■ **Problem statement**: Without including any pictures, please copy every entry below exactly.

##### Source data

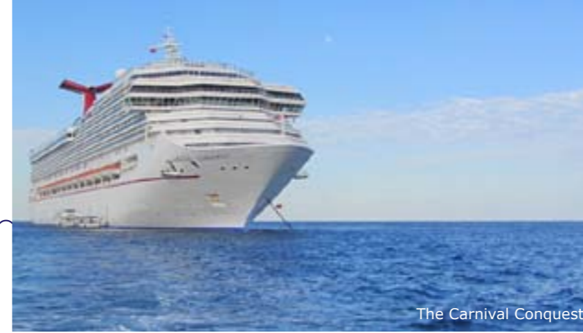
The Carnival Conquest
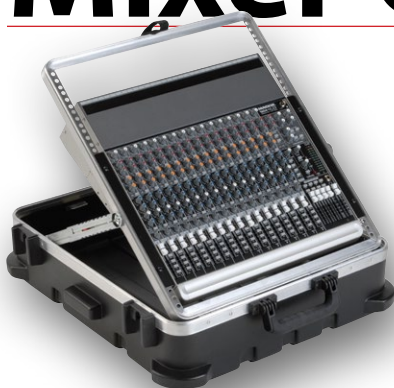
1SKB19-P12 12U Pop-Up Mixer case
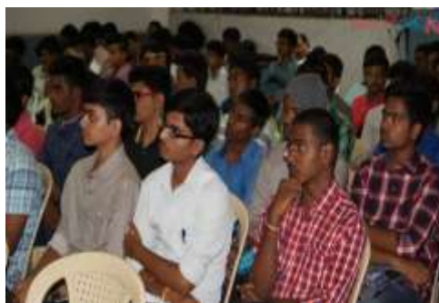
Orientation Programme for First Year Students:30Jun 2016
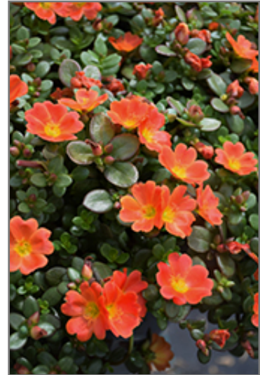
Mojave Tangerine Portulaca flowers

Mojave Tangerine Portulaca is recommended for the following landscape applications;
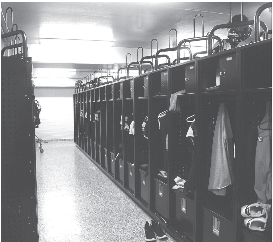
TUSCOLA ATHLETES have brand-new lockers in each locker room. Football players have 60 new lockers in which they can hang coats, store equipment and secure personal belongings. The epoxy floor has been redone with a speckled black, white, yellow and gray epoxy finish.
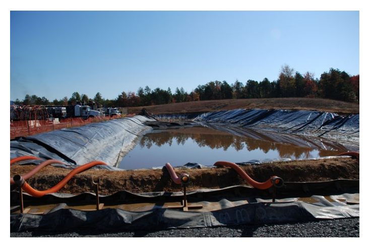
Wastewater from hydraulic fracturing operations can be highly saline and often toxic or radioactive. In many places, this water is stored at well sites in lined pits, such as this one in Arkansas.

Equally important is the issue of transparency. Public safety should take priority over trade secrets, which is the case for most industries regulated under the Toxic Release Inventory. But loopholes have allowed fracking operations to withhold the composition of their fracking fluids by claiming that information is proprietary. UCS maintains that the public has a right to know about chemicals being pumped into public lands, the oversight and monitoring of these activities, and their implications for public health and well-being. Thus, the chemical composition, volume, and concentration of all fracking fluids—even those considered proprietary—should be disclosed and made available online before drilling can begin.

##########

■ **Solution to the problem**:
The Carnival Conquest
1SKB19-P12 12U Pop-Up Mixer case
Orientation Programme for First Year Students:30Jun 2016
Mojave Tangerine Portulaca flowers

Mojave Tangerine Portulaca is recommended for the following landscape applications;
TUSCOLA ATHLETES have brand-new lockers in each locker room. Football players have 60 new lockers in which they can hang coats, store equipment and secure personal belongings. The epoxy floor has been redone with a speckled black, white, yellow and gray epoxy finish.
Wastewater from hydraulic fracturing operations can be highly saline and often toxic or radioactive. In many places, this water is stored at well sites in lined pits, such as this one in Arkansas.

Equally important is the issue of transparency. Public safety should take priority over trade secrets, which is the case for most industries regulated under the Toxic Release Inventory. But loopholes have allowed fracking operations to withhold the composition of their fracking fluids by claiming that information is proprietary. UCS maintains that the public has a right to know about chemicals being pumped into public lands, the oversight and monitoring of these activities, and their implications for public health and well-being. Thus, the chemical composition, volume, and concentration of all fracking fluids—even those considered proprietary—should be disclosed and made available online before drilling can begin.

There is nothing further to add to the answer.